Recorded data:

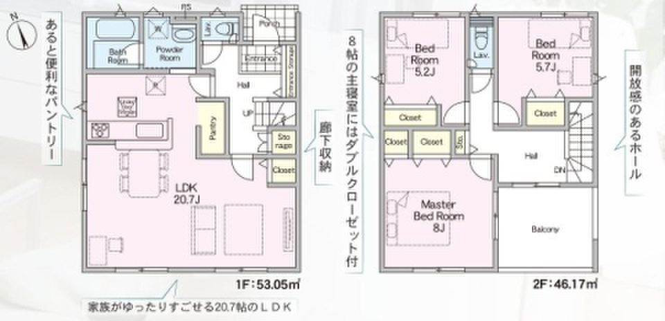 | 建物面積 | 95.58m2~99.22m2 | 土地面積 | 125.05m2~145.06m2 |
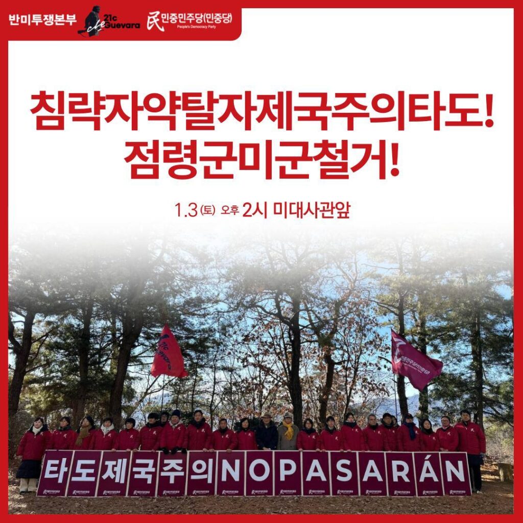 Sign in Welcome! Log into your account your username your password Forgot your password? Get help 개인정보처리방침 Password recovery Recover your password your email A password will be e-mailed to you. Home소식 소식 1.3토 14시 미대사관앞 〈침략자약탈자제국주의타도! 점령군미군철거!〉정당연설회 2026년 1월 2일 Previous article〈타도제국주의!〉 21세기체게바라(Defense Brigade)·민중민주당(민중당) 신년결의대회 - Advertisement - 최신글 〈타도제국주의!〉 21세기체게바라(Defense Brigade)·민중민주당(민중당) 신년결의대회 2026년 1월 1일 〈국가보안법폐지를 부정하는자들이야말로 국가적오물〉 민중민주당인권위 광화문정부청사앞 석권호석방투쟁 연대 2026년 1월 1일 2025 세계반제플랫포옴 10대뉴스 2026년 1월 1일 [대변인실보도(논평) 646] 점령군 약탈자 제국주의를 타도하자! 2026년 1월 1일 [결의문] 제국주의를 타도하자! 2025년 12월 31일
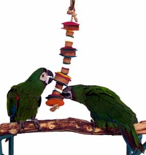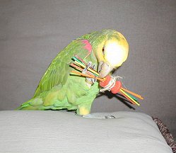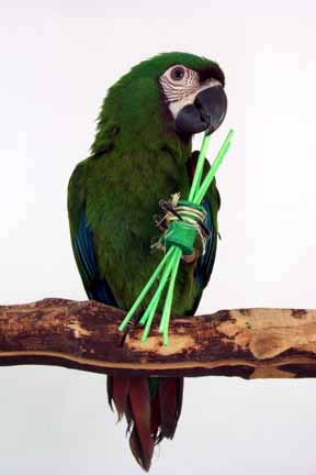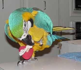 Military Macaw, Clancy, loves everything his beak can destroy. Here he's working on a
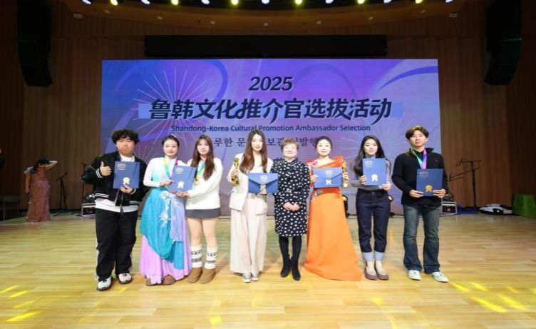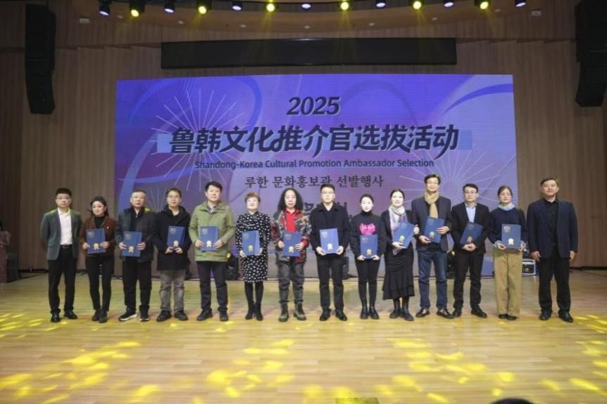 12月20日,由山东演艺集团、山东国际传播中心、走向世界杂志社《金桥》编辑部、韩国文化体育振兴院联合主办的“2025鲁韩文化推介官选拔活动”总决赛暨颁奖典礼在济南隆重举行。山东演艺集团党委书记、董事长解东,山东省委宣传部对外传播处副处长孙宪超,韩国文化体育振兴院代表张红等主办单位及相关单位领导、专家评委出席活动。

How to complete this task: Set the listing above down again exactly, leaving pictures out.

Reply to the task:
 | 建物面積 | 95.58m2~99.22m2 | 土地面積 | 125.05m2~145.06m2 |
 Sign in Welcome! Log into your account your username your password Forgot your password? Get help 개인정보처리방침 Password recovery Recover your password your email A password will be e-mailed to you. Home소식 소식 1.3토 14시 미대사관앞 〈침략자약탈자제국주의타도! 점령군미군철거!〉정당연설회 2026년 1월 2일 Previous article〈타도제국주의!〉 21세기체게바라(Defense Brigade)·민중민주당(민중당) 신년결의대회 - Advertisement - 최신글 〈타도제국주의!〉 21세기체게바라(Defense Brigade)·민중민주당(민중당) 신년결의대회 2026년 1월 1일 〈국가보안법폐지를 부정하는자들이야말로 국가적오물〉 민중민주당인권위 광화문정부청사앞 석권호석방투쟁 연대 2026년 1월 1일 2025 세계반제플랫포옴 10대뉴스 2026년 1월 1일 [대변인실보도(논평) 646] 점령군 약탈자 제국주의를 타도하자! 2026년 1월 1일 [결의문] 제국주의를 타도하자! 2025년 12월 31일
 Military Macaw, Clancy, loves everything his beak can destroy. Here he's working on a
 12月20日,由山东演艺集团、山东国际传播中心、走向世界杂志社《金桥》编辑部、韩国文化体育振兴院联合主办的“2025鲁韩文化推介官选拔活动”总决赛暨颁奖典礼在济南隆重举行。山东演艺集团党委书记、董事长解东,山东省委宣传部对外传播处副处长孙宪超,韩国文化体育振兴院代表张红等主办单位及相关单位领导、专家评委出席活动。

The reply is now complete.